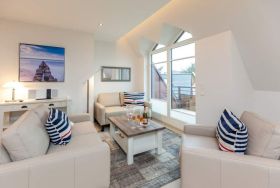 Luxuriöse 3-Zimmer-Maisonette-Nichtraucher-Ferienwohnung, ca. 75 qm, im 1. Obergeschoss, Südost- und Südwestloggia mit Strandkorb für 4 Personen.
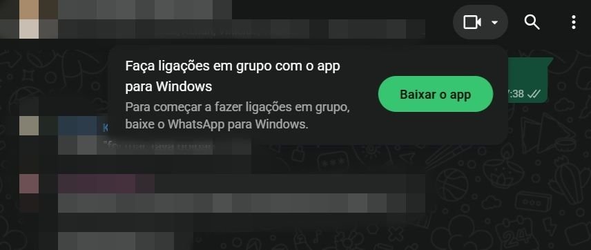 Atualmente, quando você tenta fazer uma ligação com várias pessoas, o aplicativo recomenda que você faça o download da versão para desktop do mensageiro.
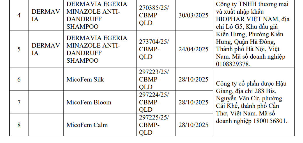 Danh mục bị thu hồi bao gồm các sản phẩm dầu gội, bọt vệ sinh và dung dịch vệ sinh do bốn doanh nghiệp chịu trách nhiệm đưa ra thị trường. Trong đó có ba sản phẩm MicoFem Silk, MicoFem Bloom và MicoFem Calm của Công ty CP Dược Hậu Giang; sản phẩm Piajour Woman Body Foam của Công ty TNHH Thương mại HKK; hai sản phẩm Dermavia Egeria Minazole Anti-Dandruff Shampoo do Công ty TNHH Thương mại và Xuất nhập khẩu BIOPHAR Việt Nam phân phối; cùng hai sản phẩm mang nhãn hiệu Biorga Cystiphane do Công ty CP Dược phẩm TEDIS - Việt Hà chịu trách nhiệm.
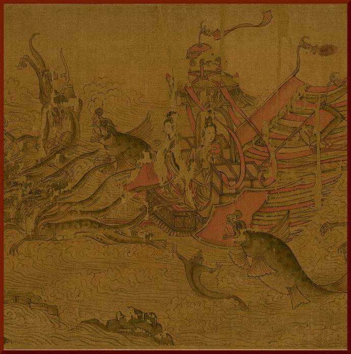 此画是以曹植的《洛神赋》为蓝本创作的。此长卷采用连环画的形式,随着环境的变化让曹植和洛神重复出现。从开头描写平静的水面上出现飘飘若仙、含情脉脉的洛神,似来又去与曹植处于可望而不可及的无限惆怅之中。后几段画洛神在云间遨游,或与曹植在一起游赏。最后画洛神驾六龙云车而去,曹植坐舟追寻。此画用色凝重古朴,具有工笔重彩画的特色。山水树石均用线勾勒,而无皴擦,与画史所记载的“人大于山,水不容泛”的时代风格相吻合。
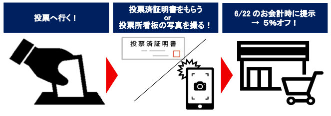参議院議員選挙の「投票済証明書」「投票所の看板写真」をレジで提示すると、購入金額から5%割引きとなる。期間中は何回でも利用が可能だ。
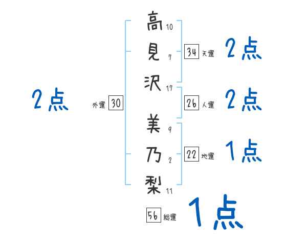 高見沢美乃梨さんの画数の鑑定結果
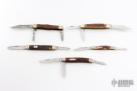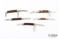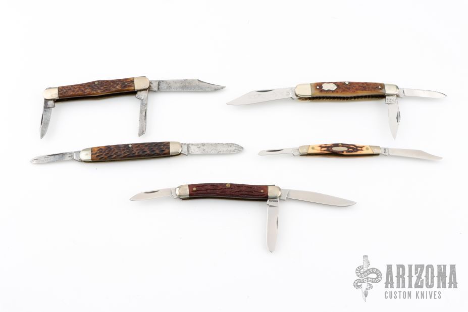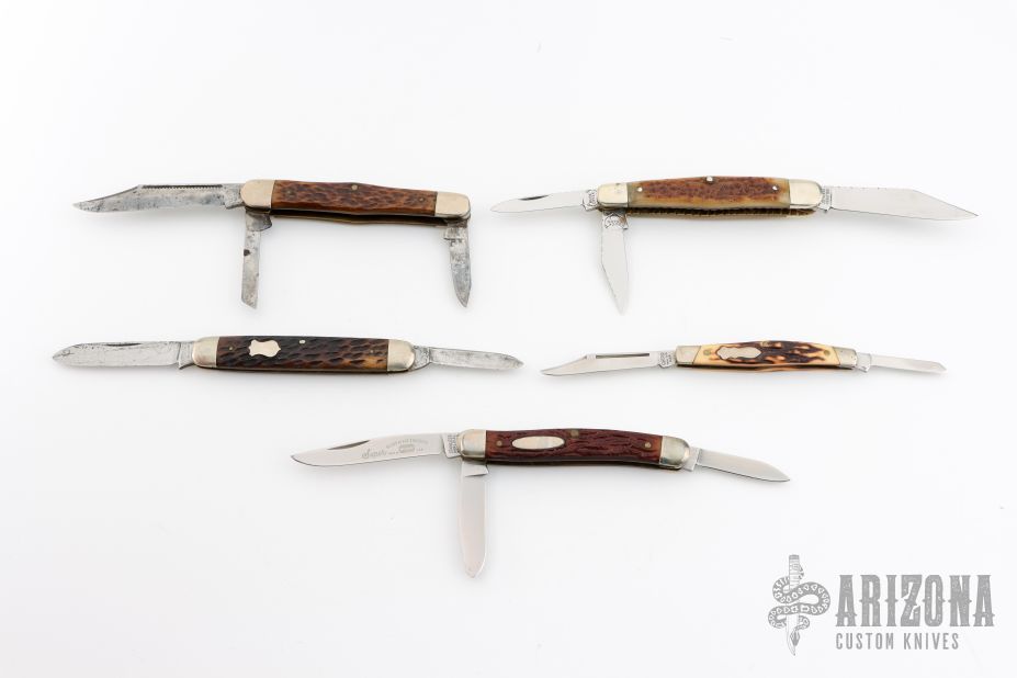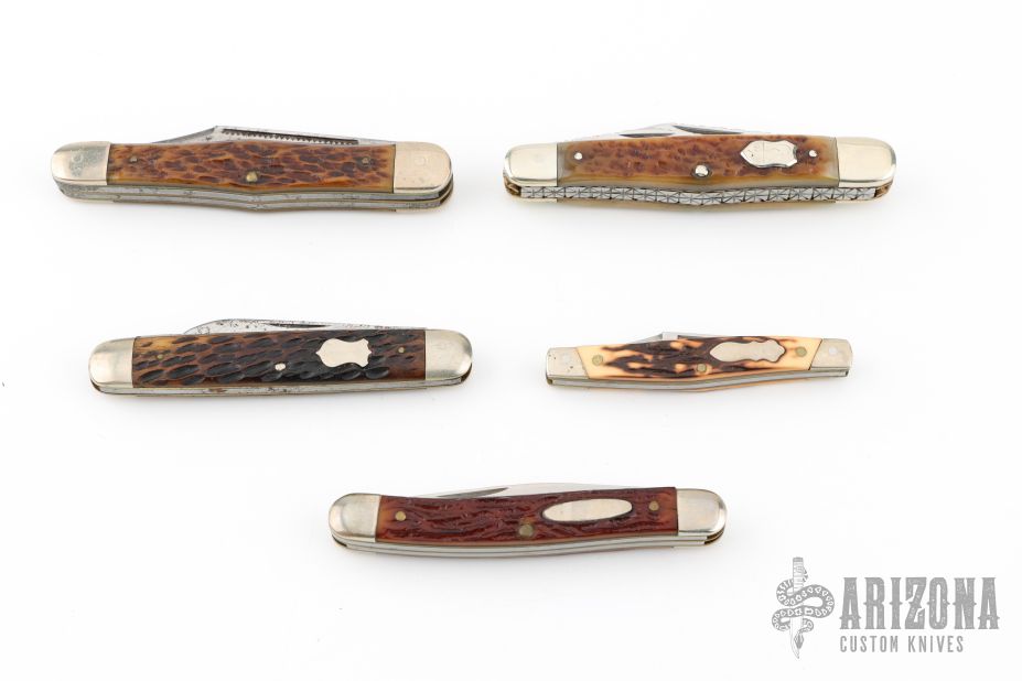 These knives have polished blades, jigged bone covers, nickel silver caps, brass liners, steel springs, and shields. Has scuffs, scratches, and patina. Good condition for their age.
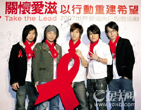搖滾樂團五月天前天來到臺北101為2007世界艾滋病日點燈活動獻唱,并與臺灣知名棒球選手王建民一起點亮臺北101外墻上的紅絲帶,與世界同步關懷艾滋病患者,傳遞愛心。 (晨曉)
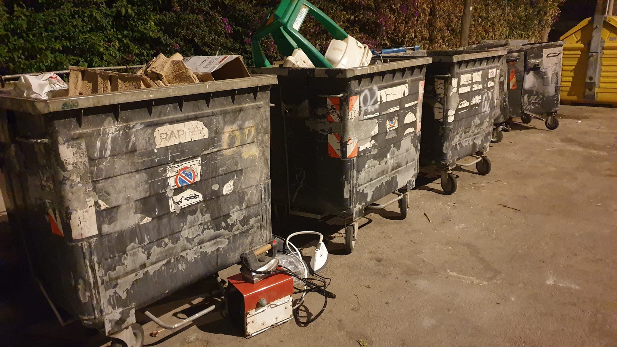 Oltre ai sovrappassaggi da urlo, la città di Palermo ospita mini salotti di rifiuti all’aria aperta: nei pressi di cassonetti vengono abbandonati rifiuti ingombranti che decorano le vie cittadine. Si tratta di materassi, frigoriferi, ferri da stiro e altri utensili casalinghi. Una vera e propria casa arredata segnalata più volte da residenti e cittadini senza alcun riscontro. Cestini stracolmi, piazze divenute discariche a cielo aperto e rifiuti ingombranti vengono indicati giornalmente dai cittadini in ogni angolo della città. Da piazzale Giotto a Sferracavallo la storia è sempre la stessa. L’emergenza rifiuti è ormai argomento caldo della città di Palermo ma attualmente, dalla periferia al centro, la presenza dei rifiuti risulta essere una costante, come dimostrano le immagini.
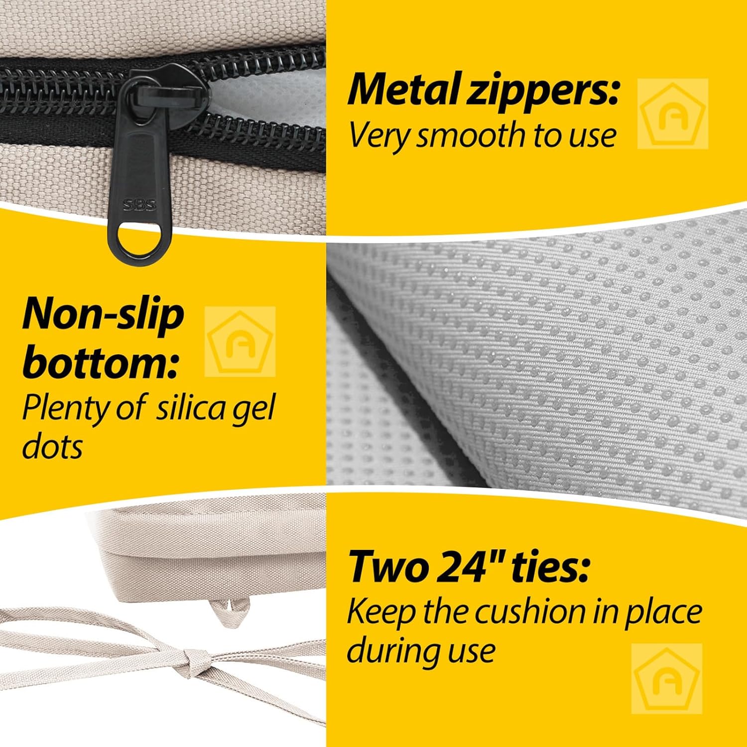 - Non-slip Ties and Piped Edge: The two non-slip ties can be fastened to your furniture to keep the outdoor cushion in place
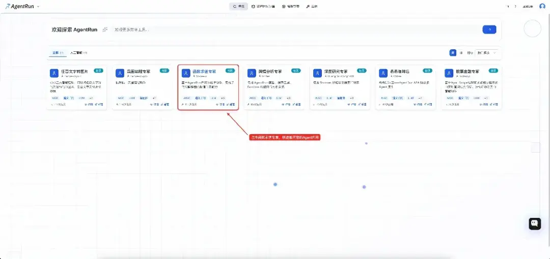 進入探索頁面,點擊函數求值專家,快速部署您的 Agent 應用
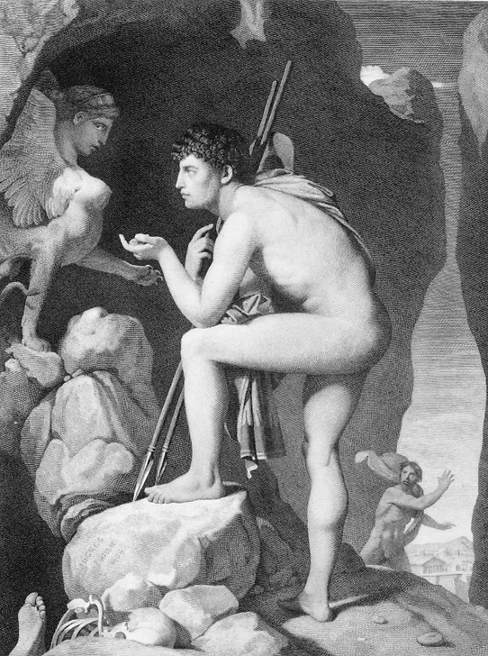 Engraving Oedipus explains the enigma of the sphinx - Ingres
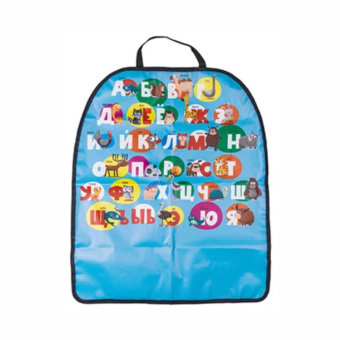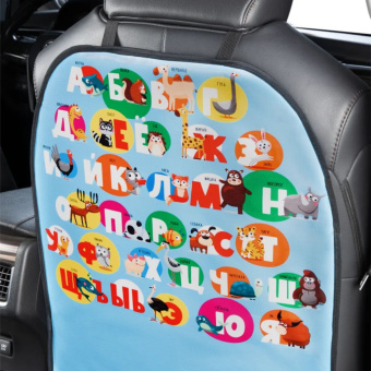 Защищает спинки сидений переднего ряда от грязи, пыли. Материал накидки устойчив к механическому воздействию и выцветанию. Защита мало весит, занимает мало места, её удобно хранить в виде рулона. Удобные резинки на подголовнике и внизу накидки шириной 2 см надёжно фиксируют её, исключая смещение по сидению. Края обработаны тесьмой, что увеличивает срок службы изделия. Защита проста в уходе, практична. Веселый принт в виде алфавита развлечёт ребенка и не даст ему заскучать в дороге.
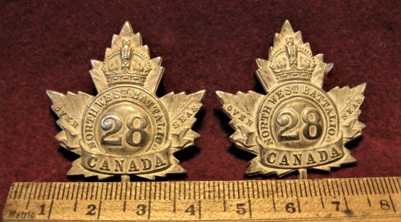 WWI CEF 28th Battalion Silver Collar badge set (2)
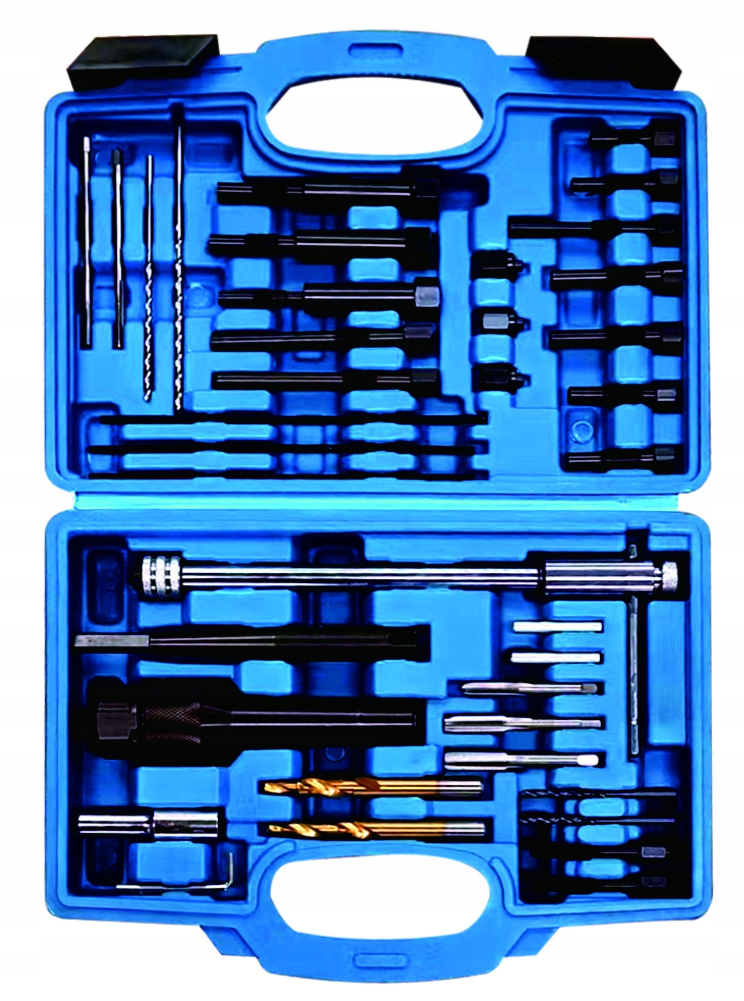 У набір входять: фрези для розсвердлювання свічки запалювання, свердла, мітчики, свічковий екстрактор, тріскачка, гніздо для зняття електродів.
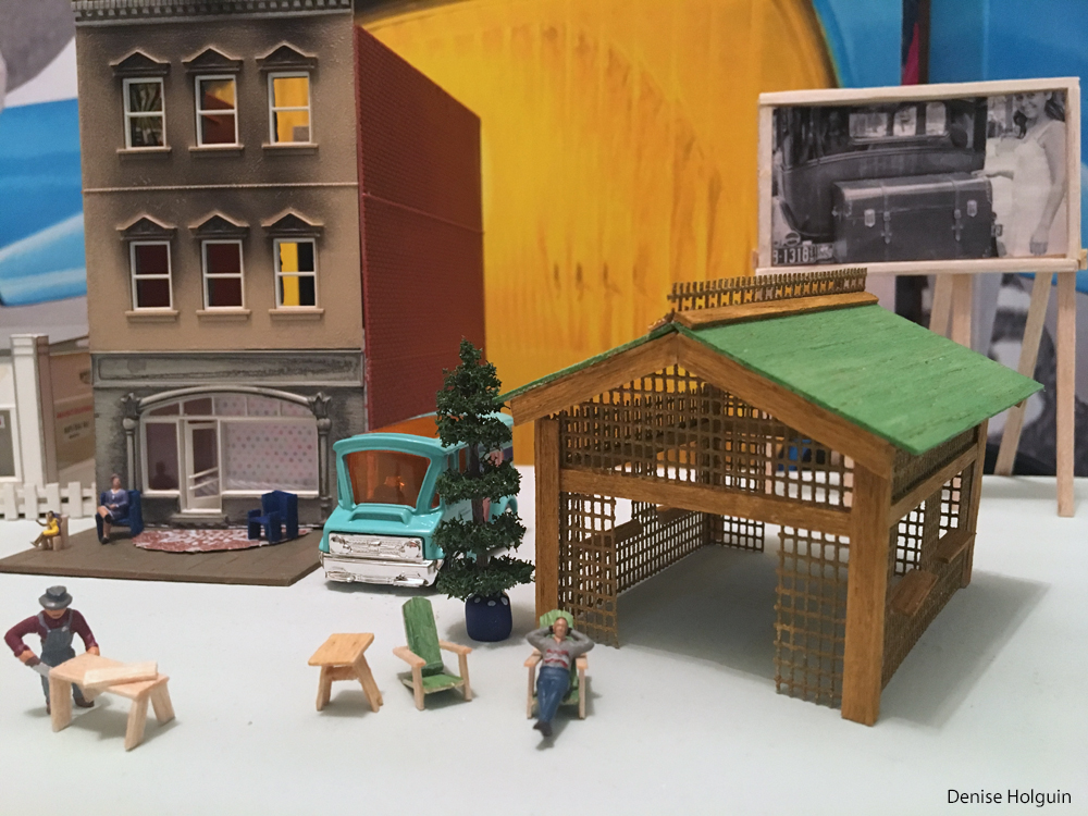 Here’s a look at the structure decked out with props: Adirondack chairs, inhabitants, an over-sized van and an interesting billboard in the background. 😉
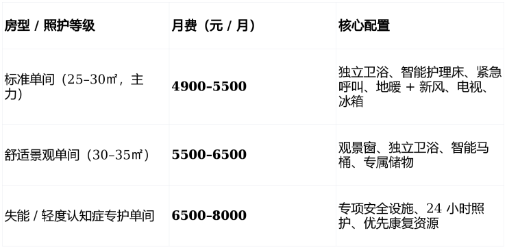 1. 基础月费(含住宿 + 基础护理 + 餐费)
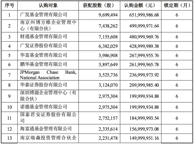 备受关注的是广发基金,其出资6.52亿元参与本次定增,认购了969.95万股股份,成为成功认购股份数量最多的机构。排名第二的是南京州博方维企业管理中心(有限合伙),其出资5亿元认购。财通基金出资4.81亿元认购,排名第三。
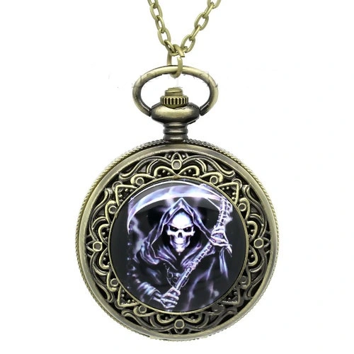 Surprenant mélange pour cette montre à gousset couleur cuivre antique, avec the reaper sur la face avant. Mouvements à quartz comme une montre traditionnelle
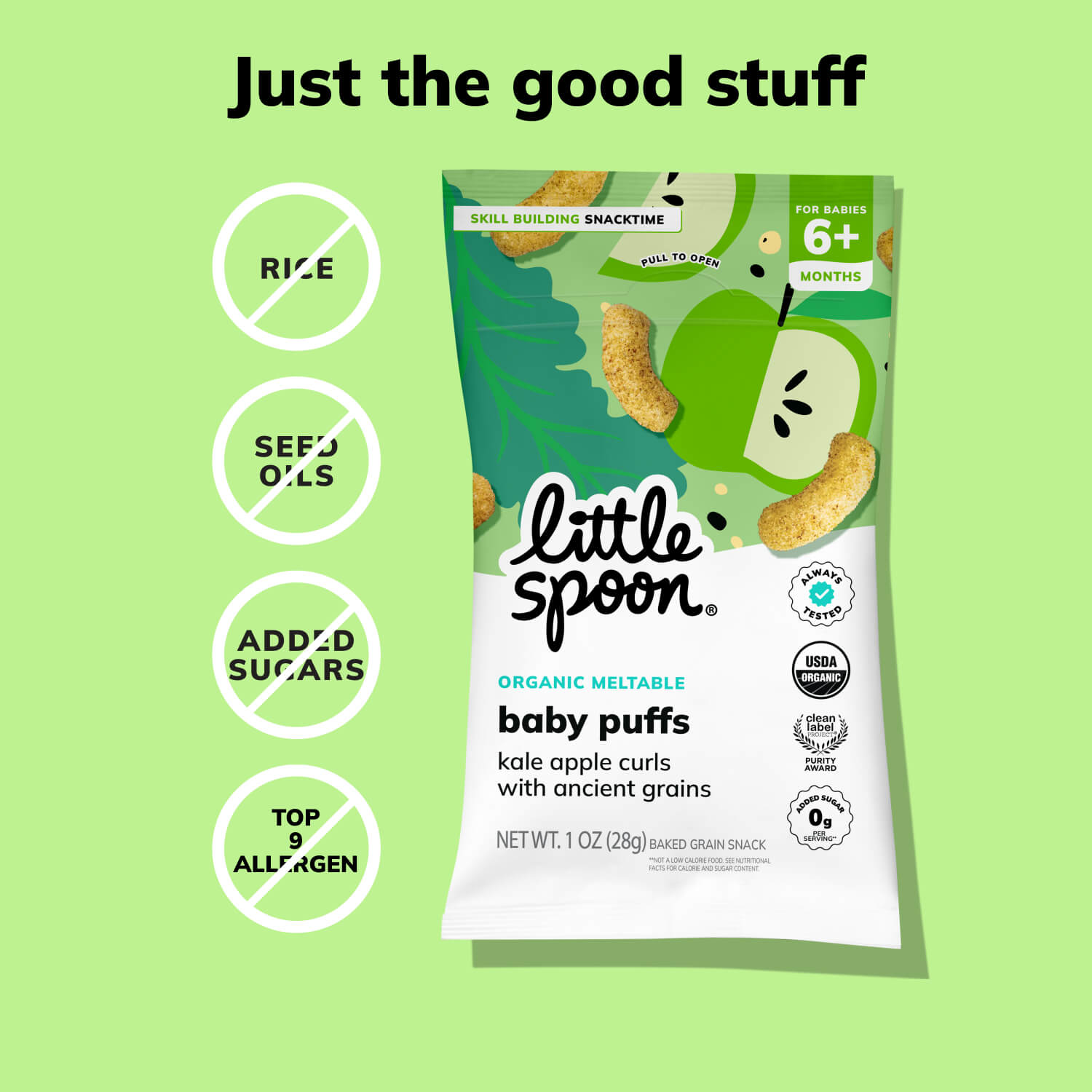 - Yes, Little Spoon’s rice-free baby stage puffs are made with all organic ingredients. This commitment to organic sourcing ensures that the puffs are not only delicious but also made with high-quality, natural ingredients, free from unnecessary additives and chemicals. By choosing organic ingredients like ancient grains, avocado oil, and fruits and veggies, we're giving your little one a nutritious and safe snacking option, supporting their growth and development with the best that nature has to offer.
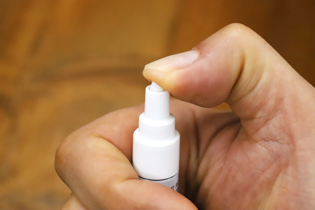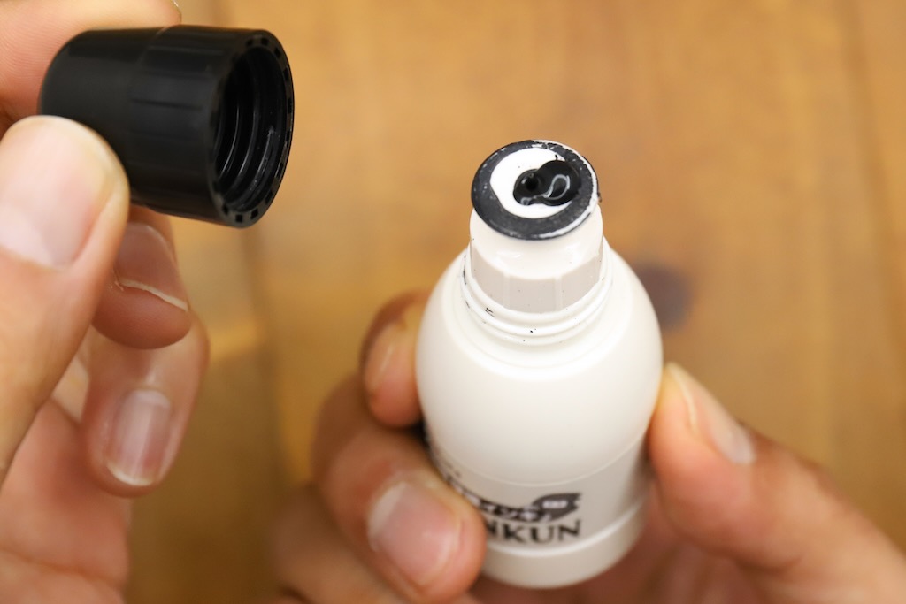 使うときは、まずよく振ってから上向きにしてキャップを外し、ボトルを軽く押してインクが広口ノズルから少しだけ盛り上がる程度に出す。
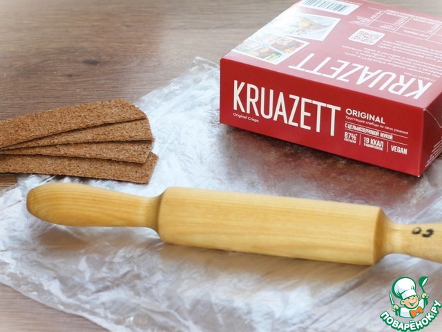 • 6. Хлебцы (2-3 шт) кладем в пакет и измельчаем скалкой.
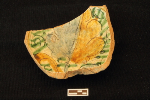 Scodella con piede ad anello leggemente umbonato, corpo emisferico schiacciato e orlo indistinto verticale. All'interno, la scodella è decorata con un motivo vegetale stilizzato, caratterizzato da una grande foglia bipartita, marcata da una parte dipinta in blu e l'altra in giallo. Il fondo è interamente campito da spiralette marcate da pennellate di colore verde. Sul cavetto si notano i segni lasciati dal distacco del treppiede di cottura.
--------
» **To do**
Within the listing above, copy exactly the lines that start at the one with "Oltre ai sovrappassaggi" and continue through the one with "Engraving Oedipus explains". Omit pictures.

» **Response**
 Oltre ai sovrappassaggi da urlo, la città di Palermo ospita mini salotti di rifiuti all’aria aperta: nei pressi di cassonetti vengono abbandonati rifiuti ingombranti che decorano le vie cittadine. Si tratta di materassi, frigoriferi, ferri da stiro e altri utensili casalinghi. Una vera e propria casa arredata segnalata più volte da residenti e cittadini senza alcun riscontro. Cestini stracolmi, piazze divenute discariche a cielo aperto e rifiuti ingombranti vengono indicati giornalmente dai cittadini in ogni angolo della città. Da piazzale Giotto a Sferracavallo la storia è sempre la stessa. L’emergenza rifiuti è ormai argomento caldo della città di Palermo ma attualmente, dalla periferia al centro, la presenza dei rifiuti risulta essere una costante, come dimostrano le immagini.
 - Non-slip Ties and Piped Edge: The two non-slip ties can be fastened to your furniture to keep the outdoor cushion in place
 進入探索頁面,點擊函數求值專家,快速部署您的 Agent 應用
 Engraving Oedipus explains the enigma of the sphinx - Ingres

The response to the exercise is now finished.